President Obama will hold talks with Communist leader Raul Castro, brother of revolutionary dictator Fidel Castro who led the country for over 30
years.
The visit comes as relations between the two nations have rapidly thawed under Obama's administration.

Shortly beforehand he tweeted: "Looking forward to meeting and hearing directly from the Cuban people."
The two leaders are expected to discuss trade and attend a state dinner together.

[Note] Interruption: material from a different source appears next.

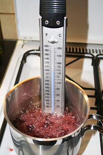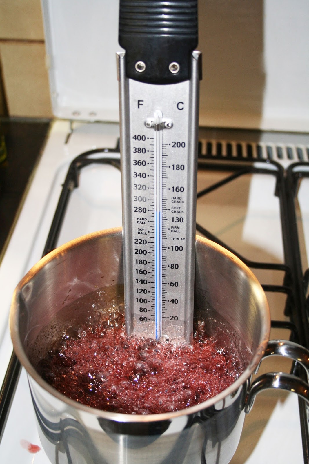 Den Saft und den Zucker in einem Topf zum Kochen bringen. Die Masse umrühren bis sich der Zucker aufgelöst hat, dann mit dem Zuckerthermometer die Temperatur beobachten. Die süße Mischung sollte nicht heißer als 150 °C werden (ab hier brennt der Zucker sehr schnell an), aber auch nicht kühler als °C (sonst werden die Herzen nicht hart).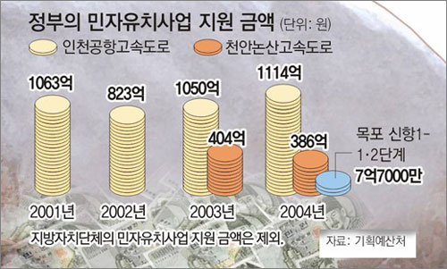 사업규모가 가장 큰 인천공항고속도로는 개통 이후 4년간 4050억 원이 지원됐으며 올해도 1200억 원가량이 국고에서 빠져나갈 것으로 보인다. 이런 추세라면 2020년까지의 재정 지원이 1조6000억 원에 이르러 수입보장금이 도로 건설비용(1조3346억 원)을 넘어설 전망이다.

But tensions do still exist between Cuba and the US. The American trade embargo with Cuba can only be lifted by a vote in Congress, and Cuba objects to the US use of the Guantanamo Bay base on the island.
And just before President Obama touched down there were signs of civil unrest in the capital Havana.
Protesters known as the Ladies in White were arrested for staging a protest outside a church several blocks away from the airport.
The group protest against the incarceration of political prisoners, and is formed mostly by the prisoners' wives.

Obama will not meet Fidel, who retired in 2008 because of ill health.
National security advisor Ben Rhodes previously told reporters would only meet with Raul as he is the nation's President.
“That’s the appropriate government-to-government engagement, and so that’s what he’ll be pursuing,” he said.
It was Fidel Castro's revolutionary movement which overthrew a pro-US government in 1959, leading to decades of diplomatic hostility.
But in the last few years, relations have thawed, and scheduled airlines once again run between the two nations.